Small Data

Small data appears to be a very exciting movement that is moving the overton window away from Big Data onto much simpler and cheaper solutions.

Its main drivers are the following:

    1. organizations don’t use that much data
    1. hardware is getting really, really good

1. Orgs don’t use much data

Of queries that scan at least 1 MB, the median query scans about 100 MB. The 99.9th percentile query scans about 300 GB. Analytic databases like Snowflake and Redshift are “massively parallel processing” systems, but 99.9% of real world queries could run on a single large node. I did the analysis for this post using DuckDB, and it can scan the entire 11 GB Snowflake query sample on my Mac Studio in a few seconds. The small data hypothesis is true.

src: https://www.fivetran.com/blog/how-do-people-use-snowflake-and-redshift

When we think about new database architectures, we’re hypnotized by scaling limits. If it can’t handle petabytes, or at least terabytes, it’s not in the conversation. But most applications will never see a terabyte of data, even if they’re successful. We’re using jackhammers to drive finish nails. > As an industry, we’ve become absolutely obsessed with “scale”. Seemingly at the expense of all else, like simplicity, ease of maintenance, and reducing developer cognitive load

src: https://adriano.fyi/posts/2023-09-24-choose-postgres-queue-technology

Apache Kafka is frequently chosen as the go-to tool for pub/sub messaging, yet a majority of the users have throughput that’s kilobytes to a few megabytes per second. It is somewhat overkill to deploy Kafka to serve a workload that’s at most 5 MB/s in and 10 MB/s out. Not only that, but it’s also expensive. Some Kafka vendors would charge you $120k/year for that. I can get the same performance out of a single unoptimized (!!!) Postgres instance running on a beefy EC2 and it’d cost… $17k/year.

src: [my own experience]

But My Elasticity?

A common argument is that small data doesn’t scale, so if your app suddenly gets viral - it breaks. This is true in theory, but in practice most likely doesn’t apply.

Anyway, some people say it’s a good principle to design/test for ~10x your scale. This doesn’t sound like a bad idea, but there’s one big caveat - whether that number is 2x, 5x or 10x matters a ton based on your company’s current growth rate.

See the years of consistent growth rate it takes to get to 10x your current scale:

annual growthyears to hit 10× scale
10 %24.16 y
25 %10.32 y
50 %5.68 y
75 %4.11 y
100 %3.32 y
150 %2.51 y
200 %2.10 y

2.Modern Hardware is (super) good 👑

In my experience, a lot of senior engineers don’t seem to realize how much faster and cheaper hardware has become.1

You can fit a ton more on a single node than you may think you could have 10 years ago.

SSDs

A 2022-era nVME (~8TB Samsung PM1743 costing around ~$1000) can do 2.5 million random 4KB reads a second, and 13 GB/s sequential reads.

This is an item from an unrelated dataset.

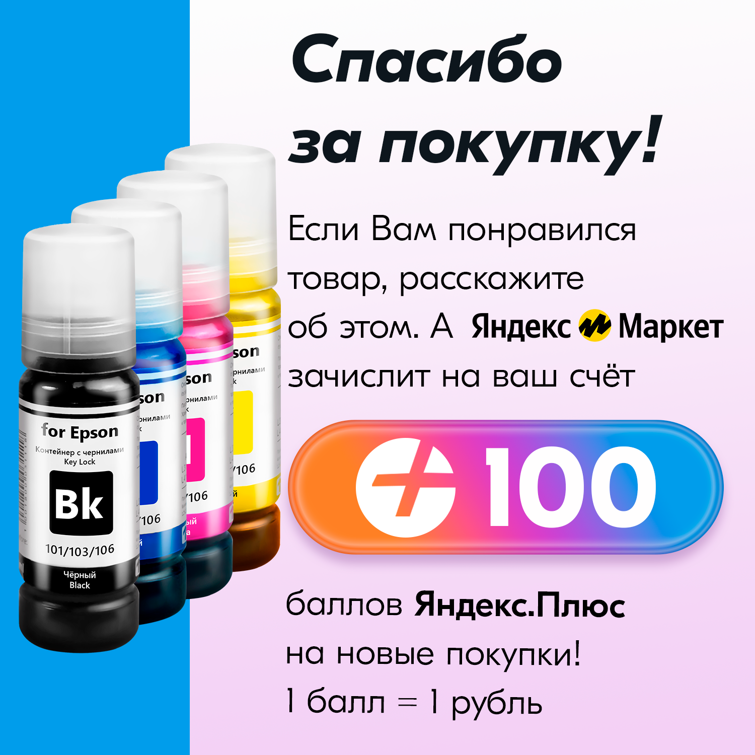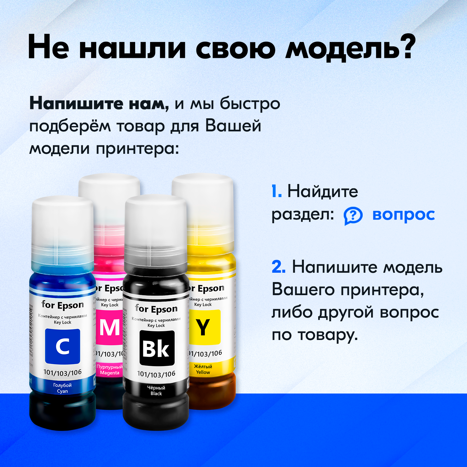Чернила для Epson 101, 103, 106 Key Lock, Epson L3250, L3210, L3256, L8050, L3150 и др. 70 мл Краска для заправки струйного принтера Черный, Голубой, Пурпурный, Желтый, 4шт.
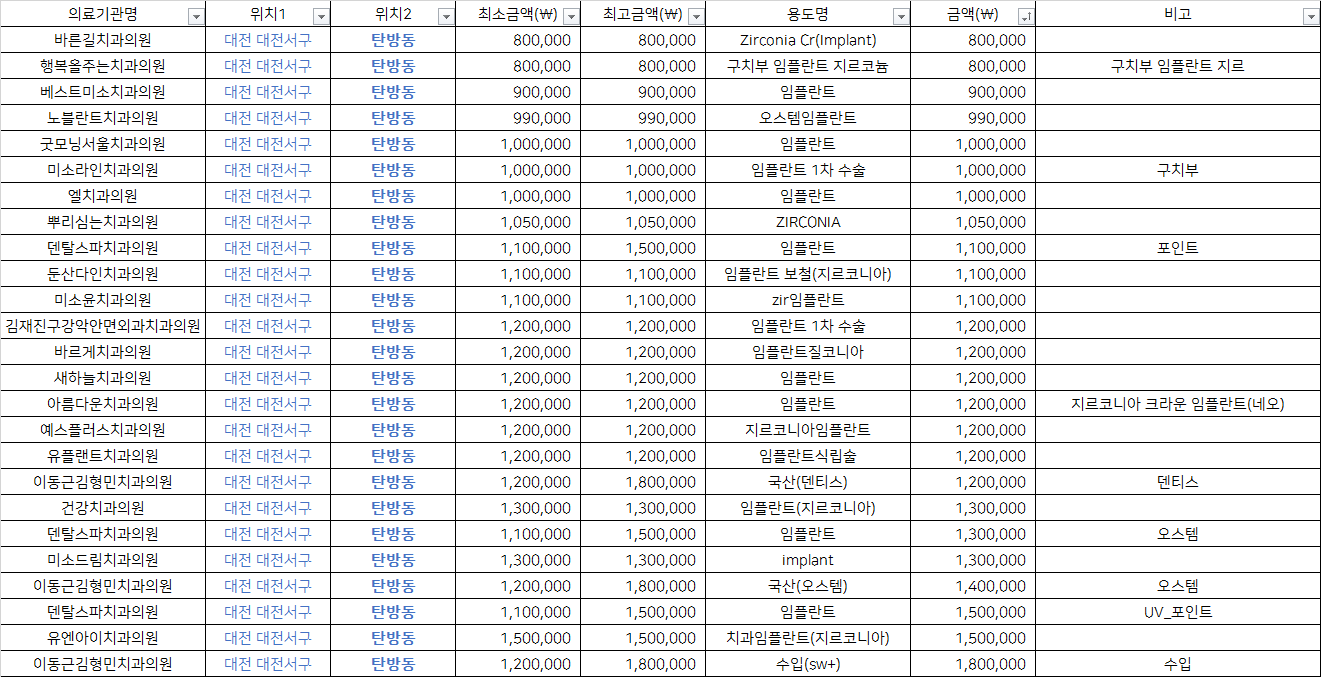 출처 : 건강보험심사평가원 비급여 진료비용 정보

The newest 2025-era SSDs (Micron P9650) are said to double that - ~28 GB/s sequential reads and 5.5 million random reads.

Just 10 years ago, a 2015-era Samsung 950 PRO could do 2.5GB/s sequential reads and 300k random reads. It also capped out at 512 GB capacity (~$350). In other words:

So here’s what changed:

  • price went down ~5.6x a TB ($700/TB vs $125/TB)
  • you can store 30x more in a single disk (512 GB vs 15.36 TB)
  • each disk is 11x faster in sequential reads (2.5 GB/s vs 28 GB/s) and 18x in random reads (300k vs 5.5 million)

CPUs

Modern CPUs are equally absurd. The newest 2025-era AMD EPYC “Turin Dense” (~$15,000) has 192 cores (!!!) and 384 threads.

It’s hard to compare CPUs, especially 10 years apart, but here’s a rough attempt. 10 years ago, a comparable monster CPU would have been the Intel Xeon E7-8890 v3 with 18 cores & 36 threads. It came 2x cheaper, at ~$7,000.

So here’s what changed:

  • core count went up 10.6x (18 vs 192)
  • price went down 5x per core ($388 vs $78)
  • each Turin core is also probably 2x-2.5x faster than the Intel one due to architectural improvements over the years

Parting Message 👋

I’m not suggesting you run everything on one node - you still need some minimal distribution at a minimum for high availability and durability. But I am suggesting that specialized, complex distributed systems are more overkill than ever.

You should be thinking about what technologies you know well, are good enough and are the least toilsome for the task at hand.

And you should know that modern hardware can most likely handle your workload just fine.


References

Here are a bunch of links I find interesting regarding the Small Data movement:

Footnotes

  1. I don’t blame them - I didn’t know either! Everything is so well-abstracted today behind the cloud, that it’s perfectly reasonable to not care. It’s easy to not check your priors after having learned something a decade ago and never been challenged on it.